I sit down beside him, taking his injured hand to check it over. It’s just as rough as my own are now, and there’s an angry red mark along the joints of his thumb and index finger.

“You know I told you I used to come hiking with my brother? Henri?”

I still, wondering if this is the moment. The moment when I’ll find out more about the map, the twine, the cabin. “Yes.”

“Well, this is the day we lost him.”

Matthieu sighs. “I heard it gets easier, and I guess it has over the years. But this day . . .”

I bring both my hands around his, looking up at him. Noticing the way his hair is a little wild at the edges, his eyes dull beneath his heavy brows. I try not to register any surprise and instead allow him a moment to collect himself. That’s the thing with Matthieu. He’s quiet, thoughtful. In his manner and in the way he treats me. I don’t want him to feel rushed in this moment. I want him to share a piece of himself with me.

He keeps his gaze trained on the wall, as though seeing a thousand memories there. “Henri was older than me by a few years. But now I’m older than he ever . . .”

He swallows. “He would have teased you. Relentlessly.”

I lean my head on his shoulder. “I’d love to hear more about him. If you want to tell me.”

Matthieu takes a minute, and I wonder if he’s not quite ready. But then he blows out a breath, his fingers curling back around mine, and begins to talk. To tell me about Henri.

“He played guitar, and he spent hours working out each song, finding the right notes to something we heard on the radio. And . . . he was the one who made my whole family laugh. Real belly laughs, the kind that tip you backward in your chair at the dinner table.”

He huffs a laugh, looking at me. And I leave the space for him to keep talking.
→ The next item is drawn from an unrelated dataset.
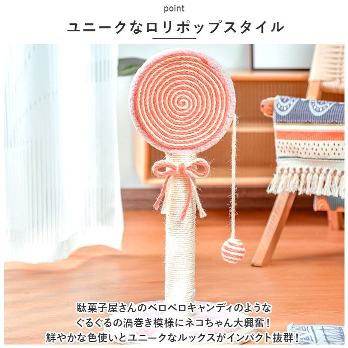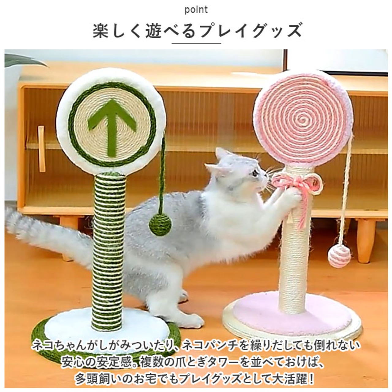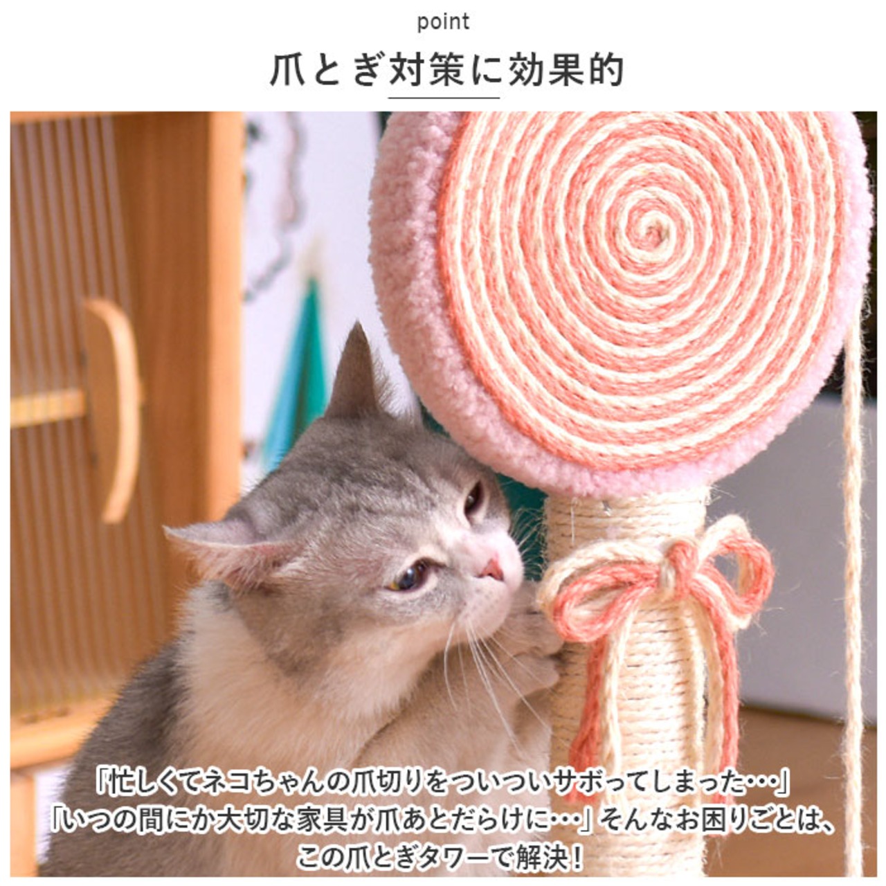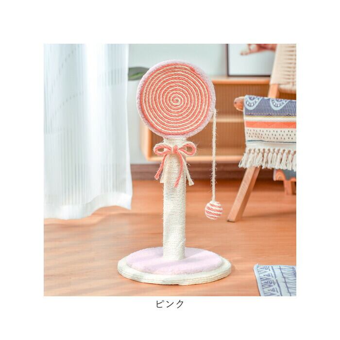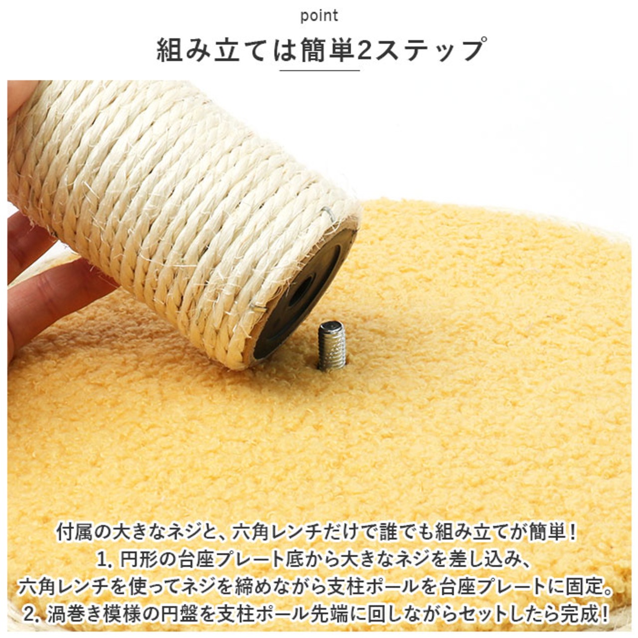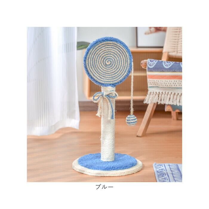 ・ぐるぐるの渦巻き部分や支柱部分には天然の麻縄を巻きつけてあり、爪のひっかかりがよく、ネコちゃんのストレス解消にぴったり。
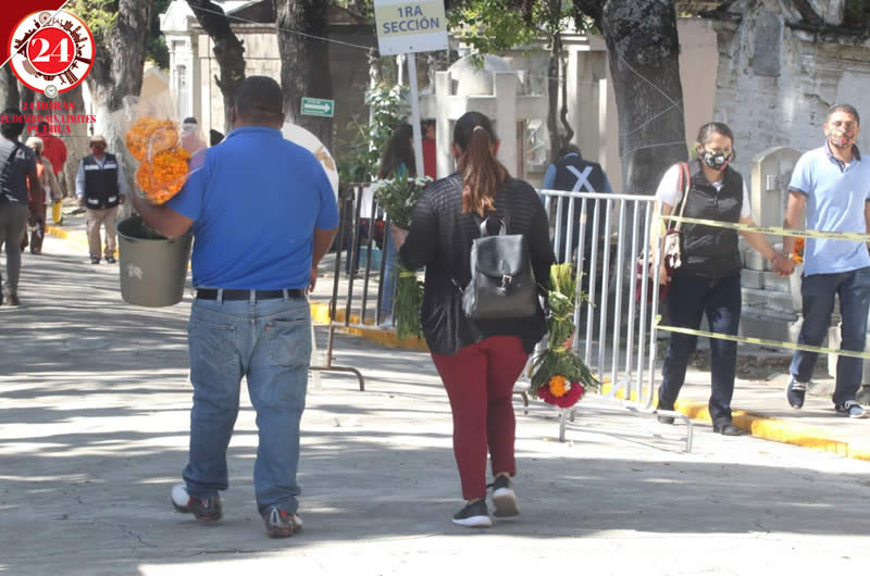 Los visitantes siguen todas las recomendaciones sanitarias que el Gobierno municipal dio a conocer la semana pasada, como el uso obligatorio de cubrebocas, la entrada de solo 4 personas por tumba y la estancia de 30 minutos.

As we sit there, with the sun wending its way through the sky, I figure Cora can’t be right. He’s just the quiet type, someone who chooses not to go into Woodsmoke too often. Or maybe he shops the next town over, perhaps avoiding memories of Henri. I do know how that feels, but I can imagine him being caught in cobwebs of memories if he traipsed through town.

He has to be real. How could someone who carries this much love and grief and promise not be?